Some of you longtime San Franciscans will remember Belva Davis. She was a fixture on the local television news scene, coming to San Francisco’s KPIX (Channel 5) in 1966. She was the first female African-American reporter on the West Coast.

Davis has a new autobiography out entitled Never in My Wildest Dreams: A Black Woman’s Life in Journalism, chronicling her career in the challenging world of local television news reporting.

This Wednesday, she’ll be speaking at a free event at the Institute on Aging at 3575 Geary from 3:30pm until 5pm. Belva will share stories from her years covering news in the Bay Area, and read excerpts from her book.

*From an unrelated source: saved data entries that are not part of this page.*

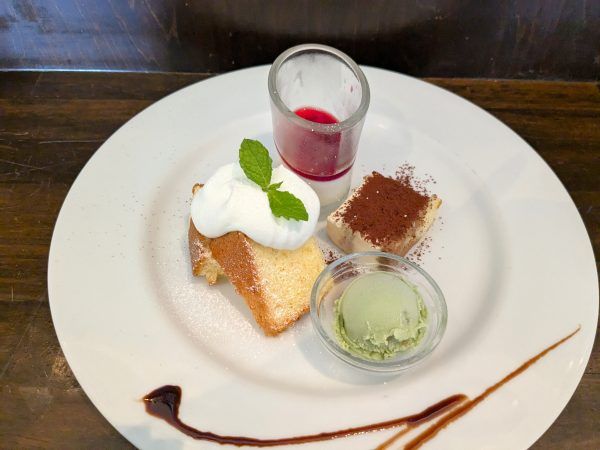 メインでお腹いっぱいになりましたがデザートは別腹です。ふわっふわなシフォンケーキ、ベリーソースのパンナコッタ、大好きなピスタチオのジェラート、ティラミスは甘さ控えめでしっとりスポンジがたまりません。大大大満足!ごちそうさまでした。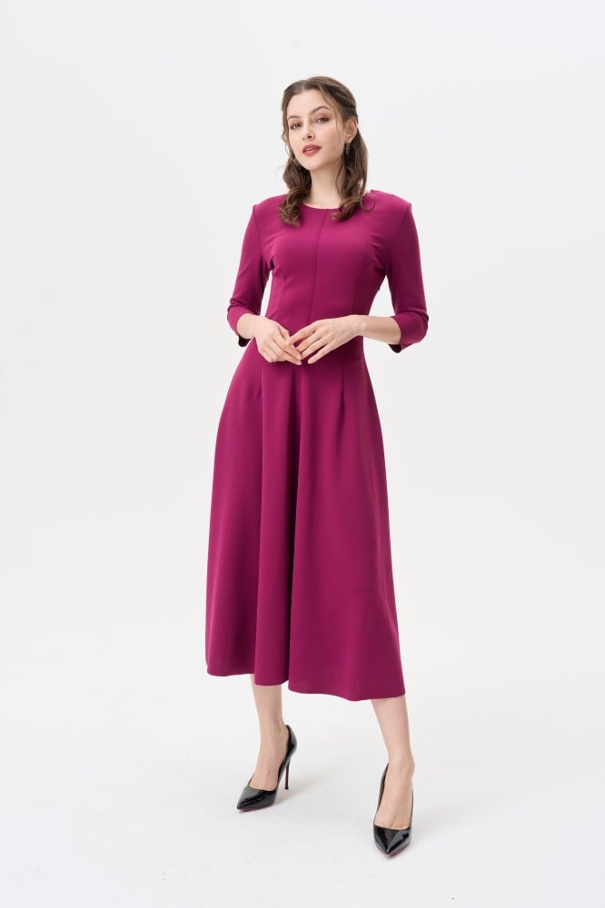 لإطلالتك في المناسبات المميزة، فستان يجمع بين الفخامة والأنوثة بلون ساحر بتصميم بياقة مستديرة وبأكمام متوسطة الطول ، وبقصة تبرز جمال قوامك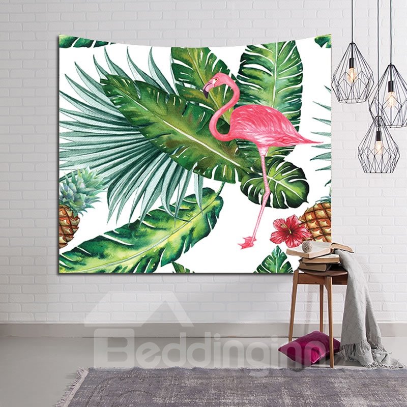 Decorative Tropical Plants and Flamingo Hanging Wall Tapestry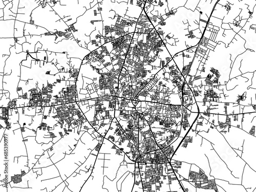 Naklejka premium Vector road map of the city of Bijapur in the Republic of India with black roads on a white background.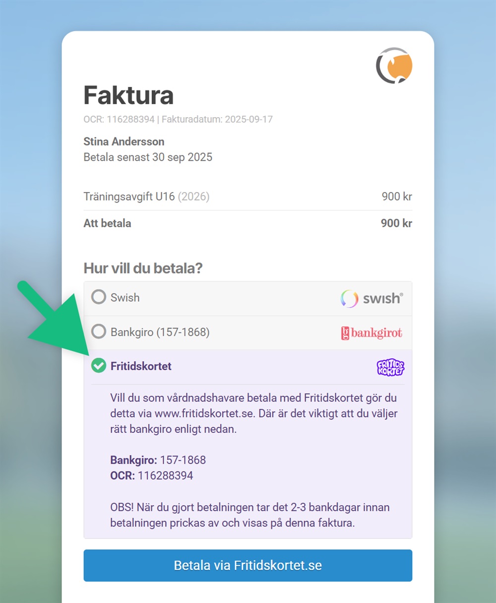 Vi är glada att kunna meddela att från och med nu kan du som förälder använda Fritidskortet för att betala avgifter hos oss – inte bara träningsavgiften, utan även medlemsavgift och andra kostnader kopplade till barnens aktiviteter.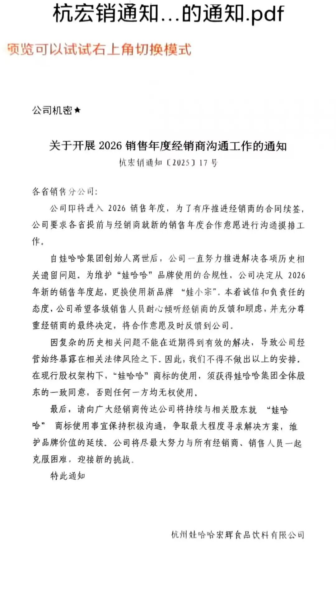 9月13日,一份“关于开展2026销售年度经销商沟通工作的通知”(简称“通知”)在网上流传。文件中提到,为维护“娃哈哈”品牌使用的合规性,公司决定从2026年新的销售年度起,更换使用新品牌“娃小宗”。因复杂的历史相关问题不能在近期得到有效解决,导致公司经营始终暴露在相关法律风险之下。因此,我们不得不做出以上的安排……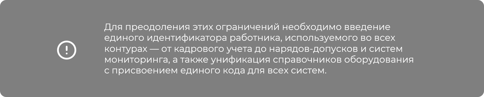 В различных системах автоматизации один и тот же работник или единица оборудования могут иметь разные идентификаторы. Отсутствие единой системы учета не позволяет установить, какие именно работники участвовали в выполнении технологических операций на конкретном оборудовании, какие средства защиты были им выданы, а также какие мероприятия были реализованы для допуска к работам. Это затрудняет как анализ происшествий, так и перспективное планирование мероприятий, направленных на снижение рисков.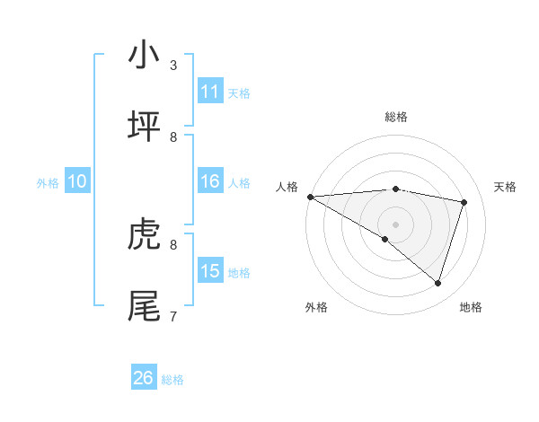 小坪 虎尾さんの総格は26画の2点!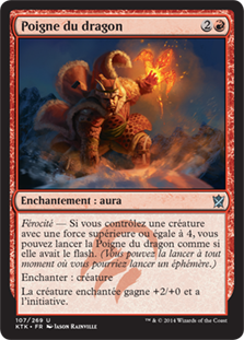 Rules Ferocious — If you control a creature with power 4 or greater, you may cast Dragon Grip as though it had flash. (You may cast it any time you could cast an instant.)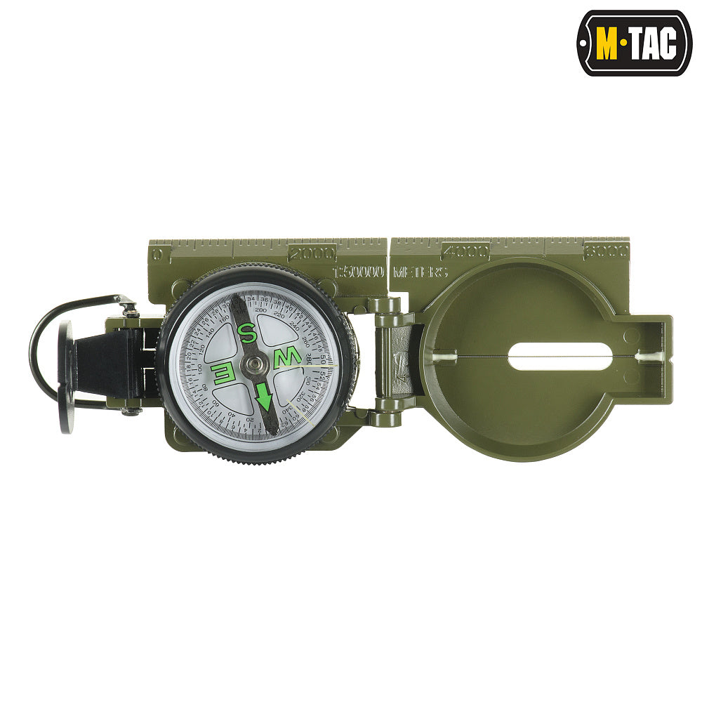 This M-Tac compass features a durable folding aluminum frame (which includes the cover with a sighting wire and the base housing the rotating capsule with the dial and needle). The frame is used to accurately set the azimuth. To take an azimuth reading, align the long side of the compass with your landmark, rotate the dial capsule until the magnetic North arrow aligns with the North marking on the dial. The numerical azimuth value is then read at the mark on the end of the frame facing the landmark.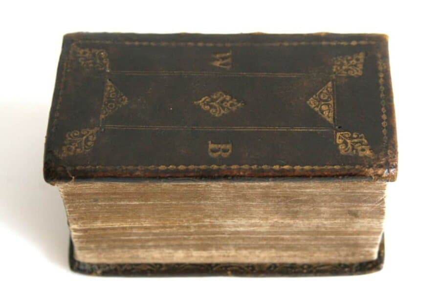 This remarkable and beautiful bible, is known as the “Pearl Bible,” from the miniscule type with which it was printed. Most 19th century bibliographers cite it as extremely rare in good condition and the copy for sale here is a handsome and complete example. Rev. Allard who owned the Bible cites Graesse on the flyleaf as stating that “on la trouve rarement intacte.” Lowndes cites the Williams’s and Roxburghe catalogues and reiterates “One of the most correct and beautiful editions of the Bible, seldom found in good preservation. Williams, 199,. in fish-skin, 11. 16».; Roxburghe 17, SI. 17*.” Additionally the Bible received mention in D’ Israeli’s Curiosities of Literature (d’Israeli, Curios. of Lit. Vol. III. p.-388.) It appears that Lowndes overlooked many of the errors found in the text, and others describe the work as a bibliographical curiosity and, in fact, as one of the most incorrect versions, even giving it the appellation of “Bastard’s Field Bible”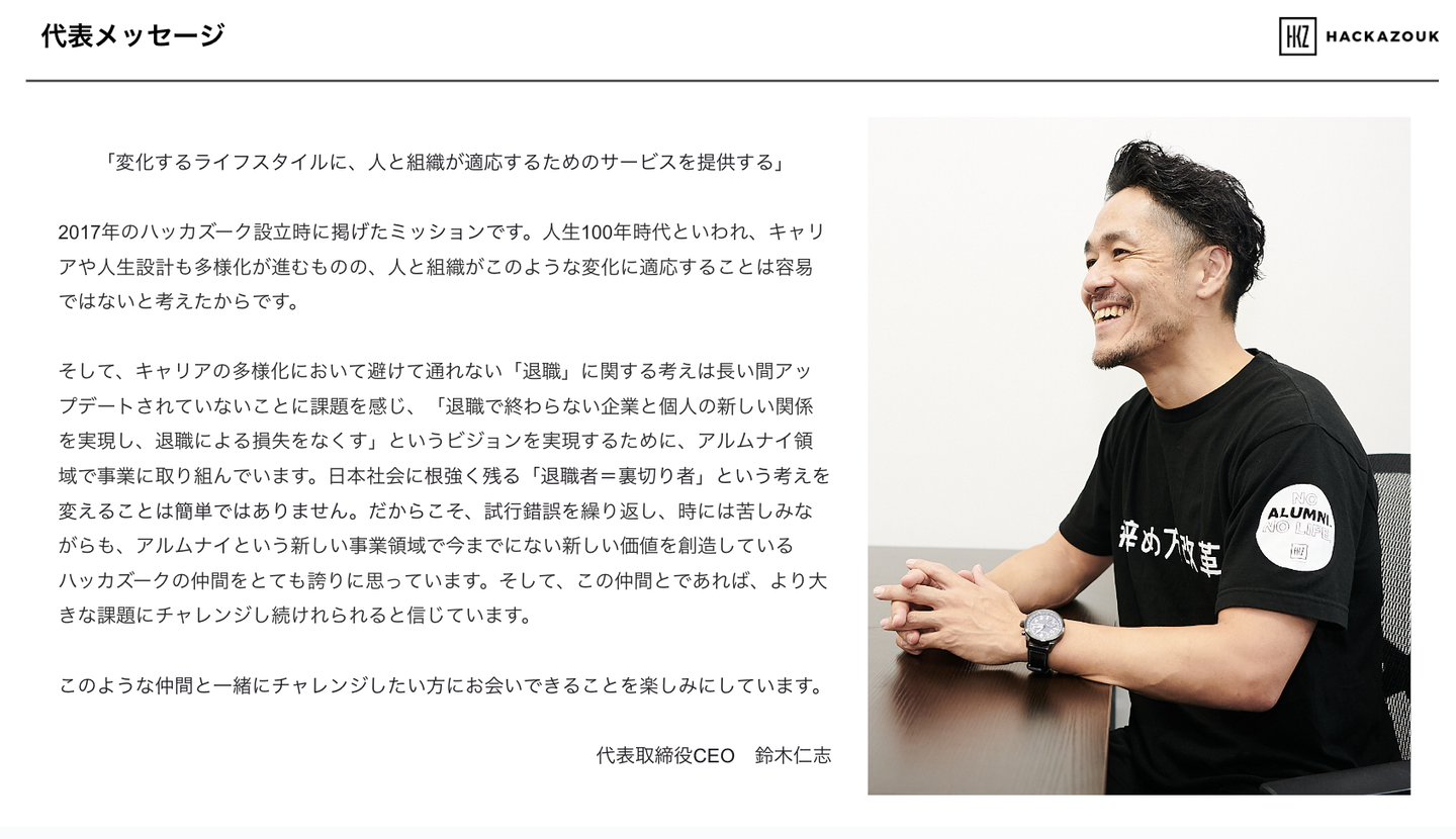 会社概要では、代表鈴木のメッセージ、社名に込めた想い、ハッカズークの歴史等をご紹介しています。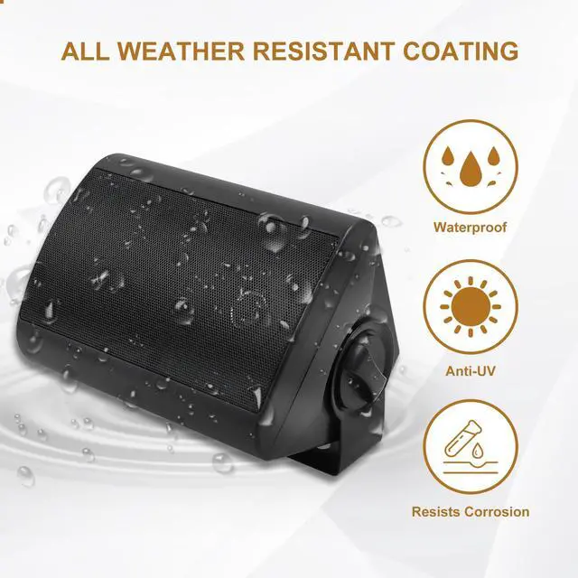 SUPERIOR SOUNDMaximum power 200 Watt (A pair), ,It designed for indoor/outdoor use. powers a 4aluminum injection cones woofer and 1.0 superior dome tweeters for added bass response, achieving crisp sounds and filling your area with clean highs.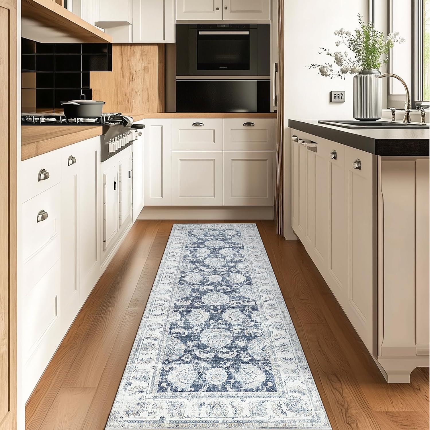 - Define Hallway & Narrow Space: Sleek and versatile, this runner adds subtle vintage elegance to long corridors, kitchen aisles, double vanity, or alongside beds. This low-profile rug stays in place while transforming narrow areas into practical, beautiful passageways.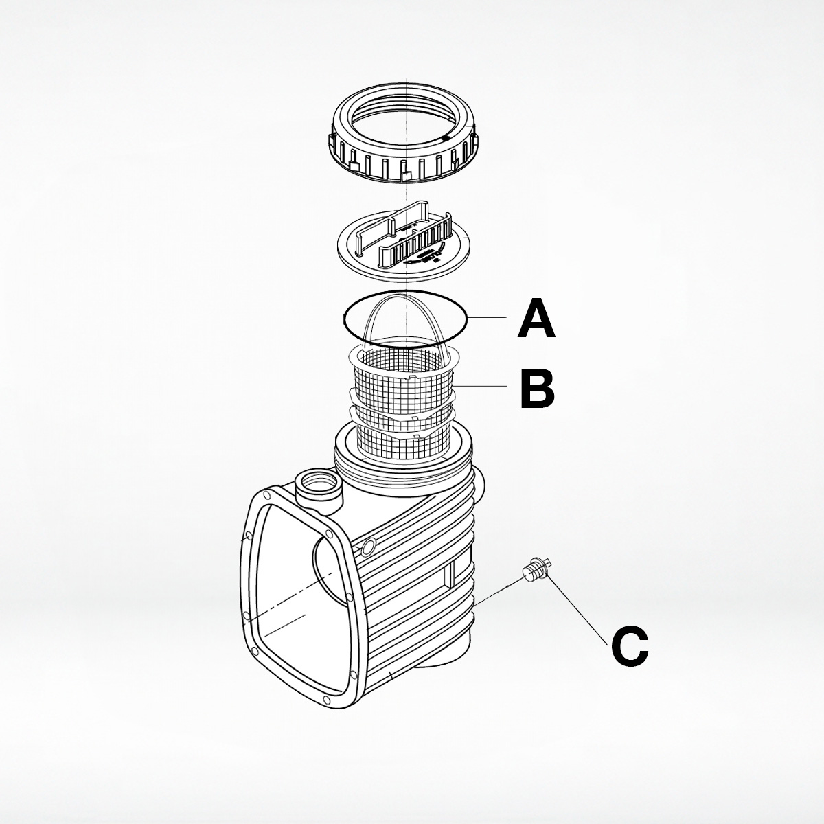 Reservdelskit till Superpump 8,12 och 14. I kitet ingår (A) O-ring för behållare för silkorg, (B) Silkorg och (C) dränplugg.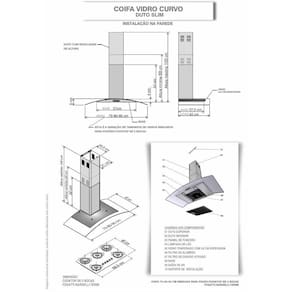 As dimensões do produto podem sofrer uma pequena variação de largura do vidro, de até 7 sete milímetros. Por este motivo, quando a coifa for instalada de forma embutida em nichos, o fabricante recomenda que seja considerada uma folga de pelo menos 1 cm em cada lado

More about her book from Amazon.com:

In five decades as an award-winning reporter, Davis witnessed changes in news gathering and the politics of race and sex. Born to a poor black laundress in a hardscrabble Louisiana town, she migrated with her family to California during the Depression. Poverty and an unstable family life caused her to miss an opportunity to go to college and to take refuge in early marriage. As a young wife and mother, she stumbled into freelance reporting for Jet and Ebony. Taking every random assignment and learning all she could, she moved on to radio and television, along the way meeting and interviewing celebrities, including Bill Cosby, Nancy Wilson, James Brown, Martin Luther King Jr., Huey Newton, Angela Davis, Michael Jackson, and Alex Haley.

Her strong connections to the black community made her an asset as the media covered the social unrest, riots, and cultural revolutions of the 1960s. Davis chronicles her own struggles and political awakening as she pushed against the boundaries for women and minorities in journalism to become the first black female news anchor on the West Coast.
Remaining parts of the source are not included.